ASSIGNED TASK: Repeat the data exactly. Pictures stay out.

Stored items:

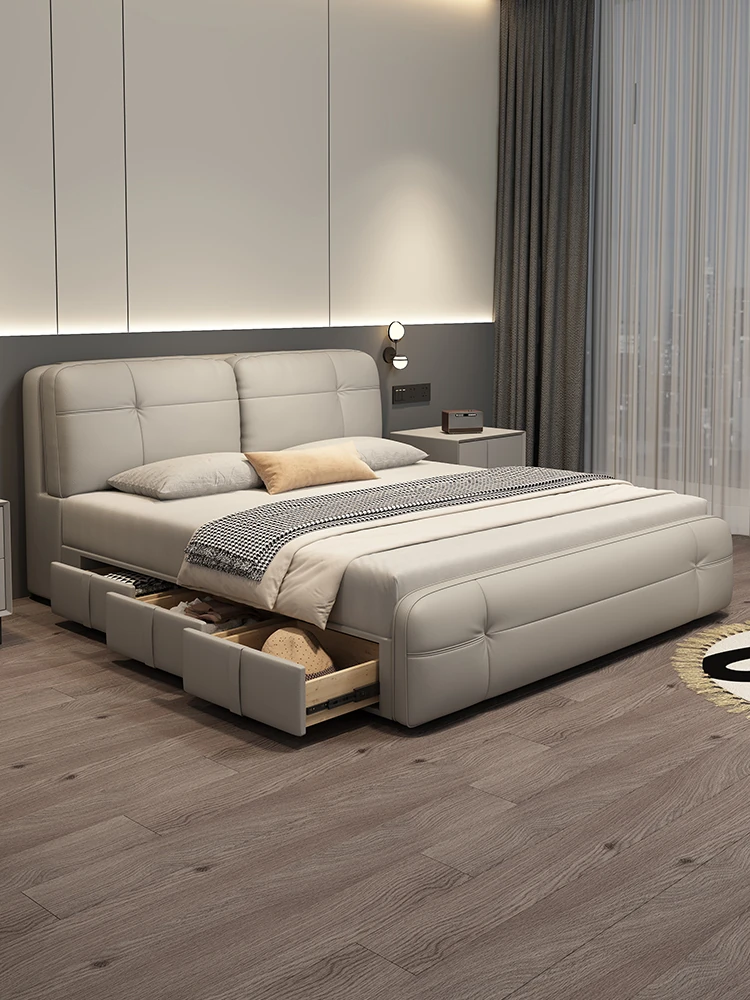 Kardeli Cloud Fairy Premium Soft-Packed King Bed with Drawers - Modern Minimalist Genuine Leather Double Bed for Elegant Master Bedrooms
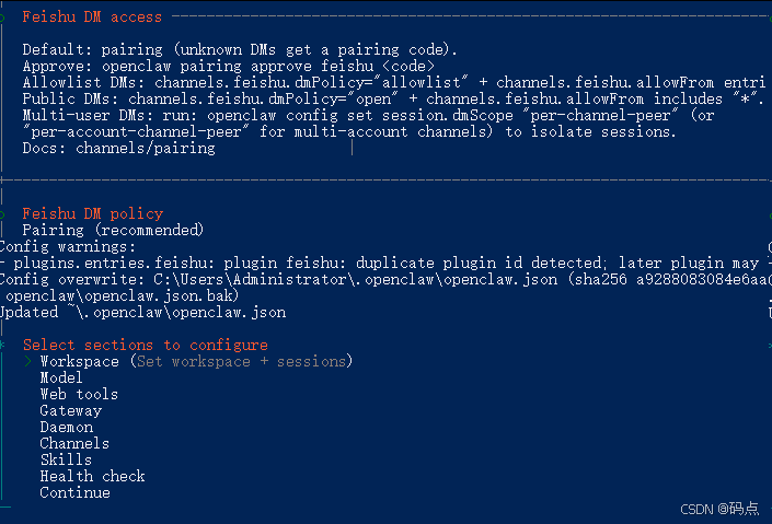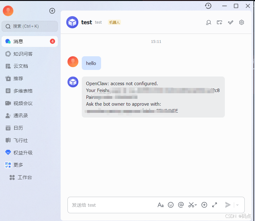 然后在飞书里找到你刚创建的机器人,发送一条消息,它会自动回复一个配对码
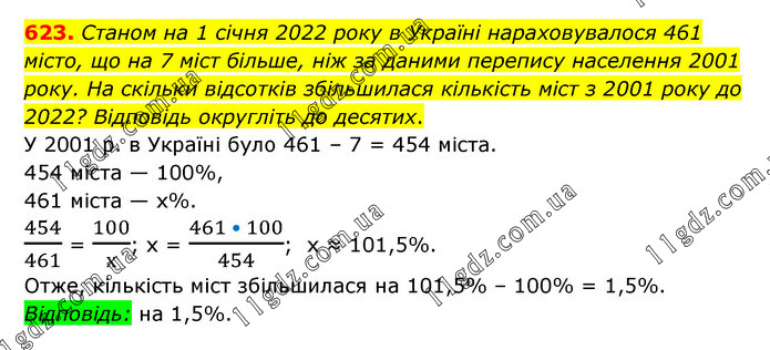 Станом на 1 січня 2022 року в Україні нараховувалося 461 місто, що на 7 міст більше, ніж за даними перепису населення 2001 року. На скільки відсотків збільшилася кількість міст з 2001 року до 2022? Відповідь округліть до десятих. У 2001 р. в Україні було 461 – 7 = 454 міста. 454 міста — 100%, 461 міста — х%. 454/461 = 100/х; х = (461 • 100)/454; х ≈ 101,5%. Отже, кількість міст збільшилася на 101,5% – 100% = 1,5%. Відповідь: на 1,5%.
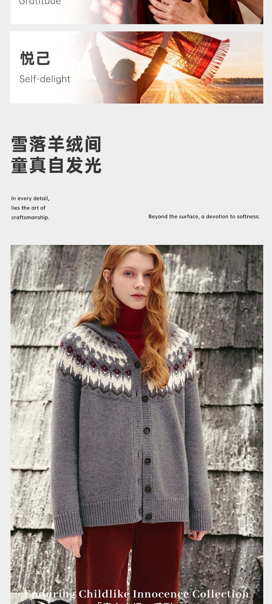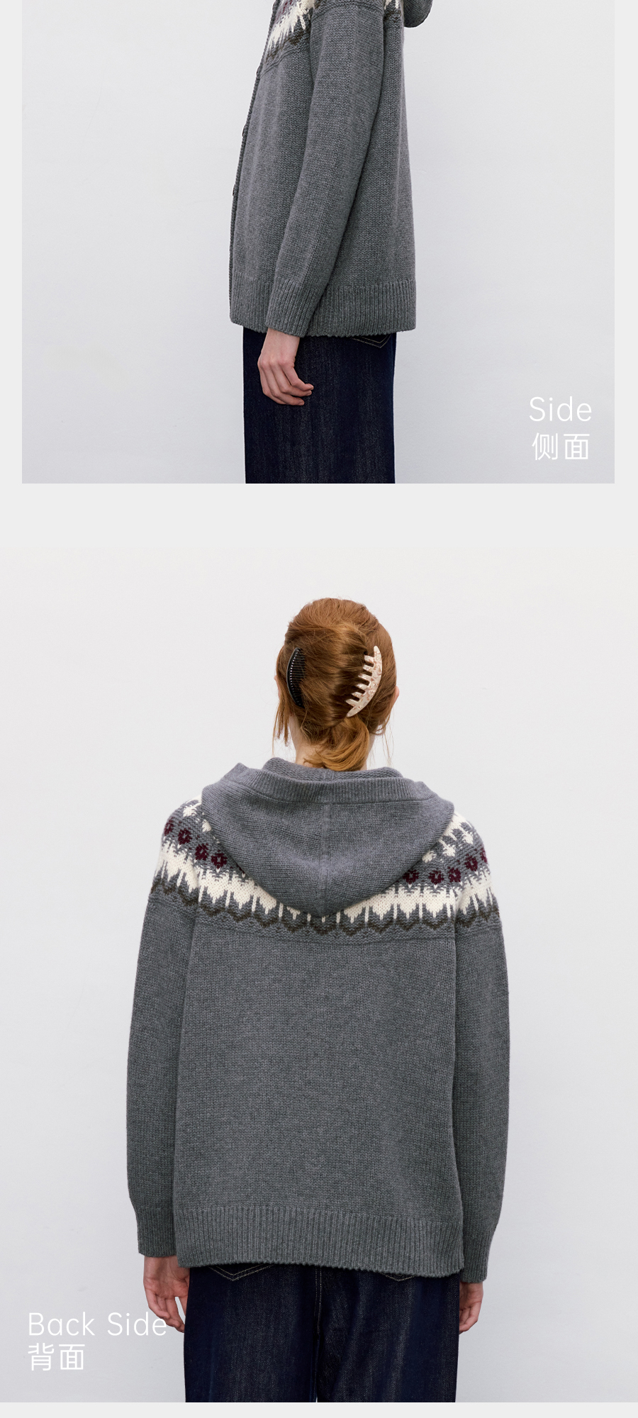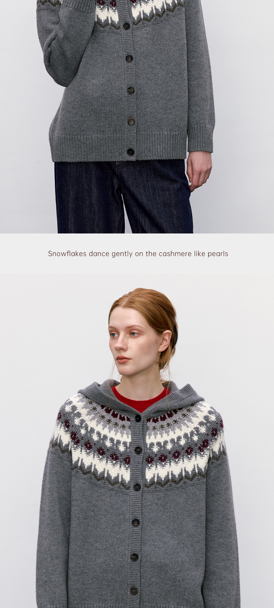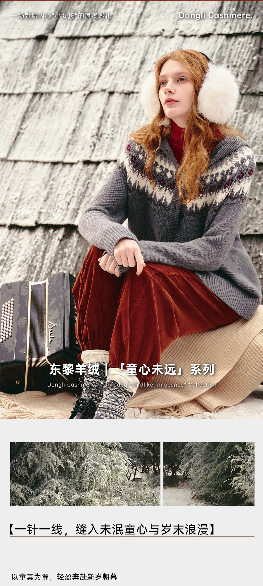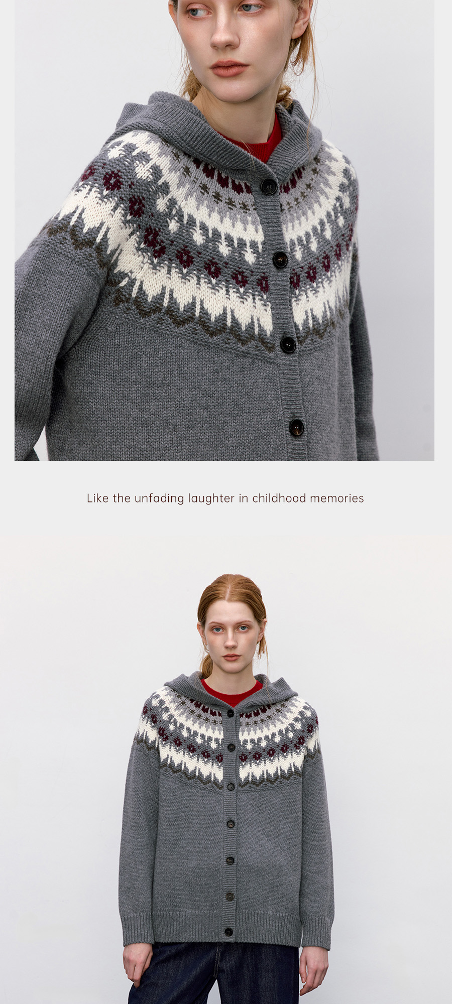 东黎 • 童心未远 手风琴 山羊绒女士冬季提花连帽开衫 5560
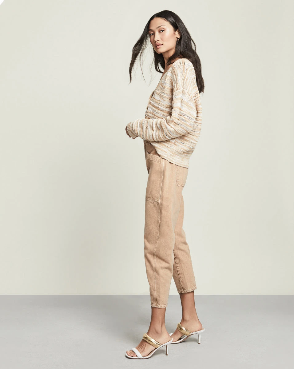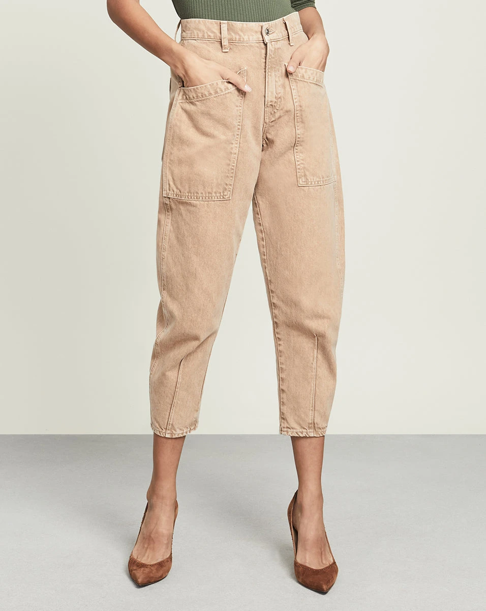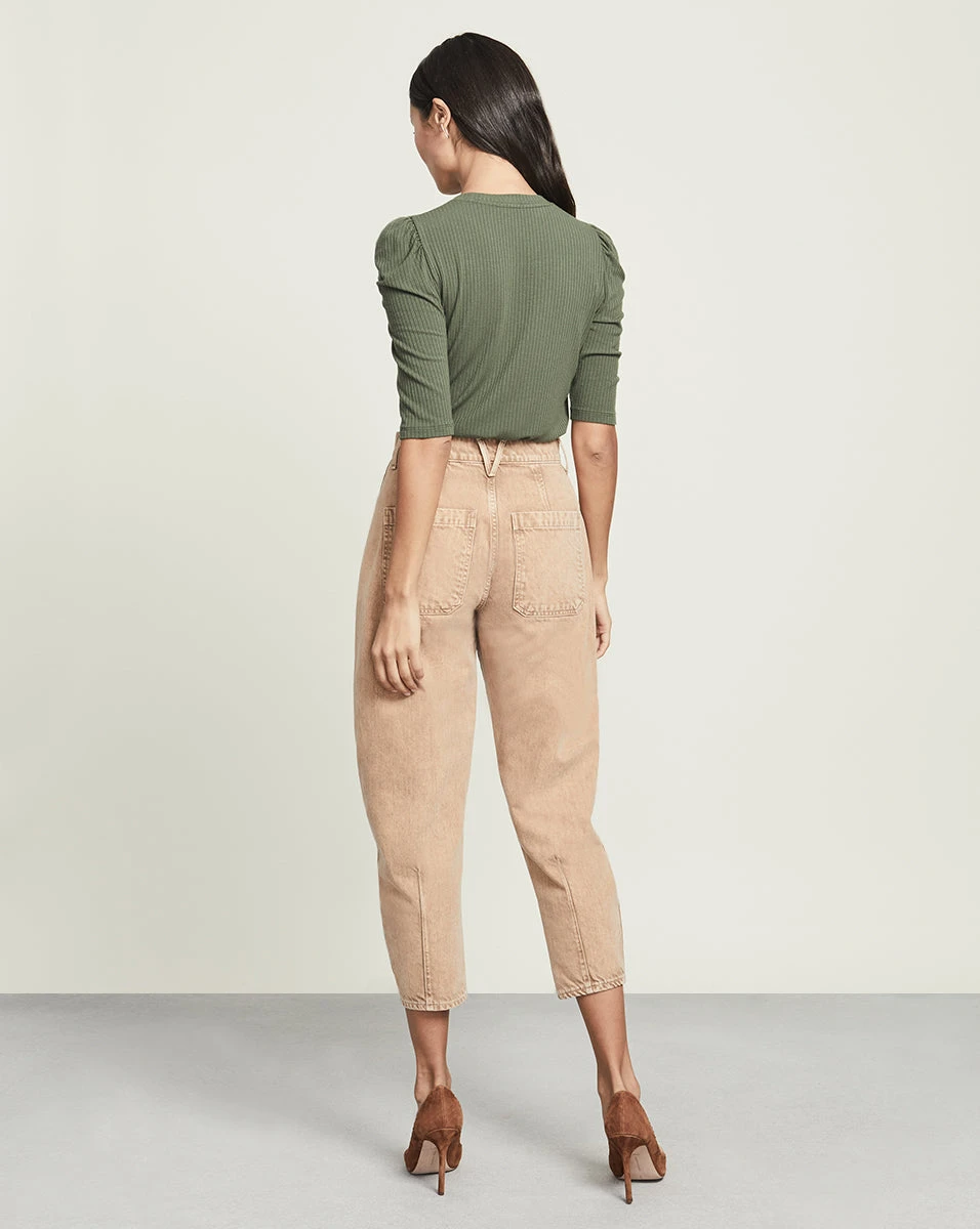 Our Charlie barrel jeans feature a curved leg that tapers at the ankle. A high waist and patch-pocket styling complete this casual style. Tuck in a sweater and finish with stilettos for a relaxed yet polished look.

EXERCISE RESULT:
 Kardeli Cloud Fairy Premium Soft-Packed King Bed with Drawers - Modern Minimalist Genuine Leather Double Bed for Elegant Master Bedrooms
 然后在飞书里找到你刚创建的机器人,发送一条消息,它会自动回复一个配对码
 Станом на 1 січня 2022 року в Україні нараховувалося 461 місто, що на 7 міст більше, ніж за даними перепису населення 2001 року. На скільки відсотків збільшилася кількість міст з 2001 року до 2022? Відповідь округліть до десятих. У 2001 р. в Україні було 461 – 7 = 454 міста. 454 міста — 100%, 461 міста — х%. 454/461 = 100/х; х = (461 • 100)/454; х ≈ 101,5%. Отже, кількість міст збільшилася на 101,5% – 100% = 1,5%. Відповідь: на 1,5%.
 东黎 • 童心未远 手风琴 山羊绒女士冬季提花连帽开衫 5560
 Our Charlie barrel jeans feature a curved leg that tapers at the ankle. A high waist and patch-pocket styling complete this casual style. Tuck in a sweater and finish with stilettos for a relaxed yet polished look.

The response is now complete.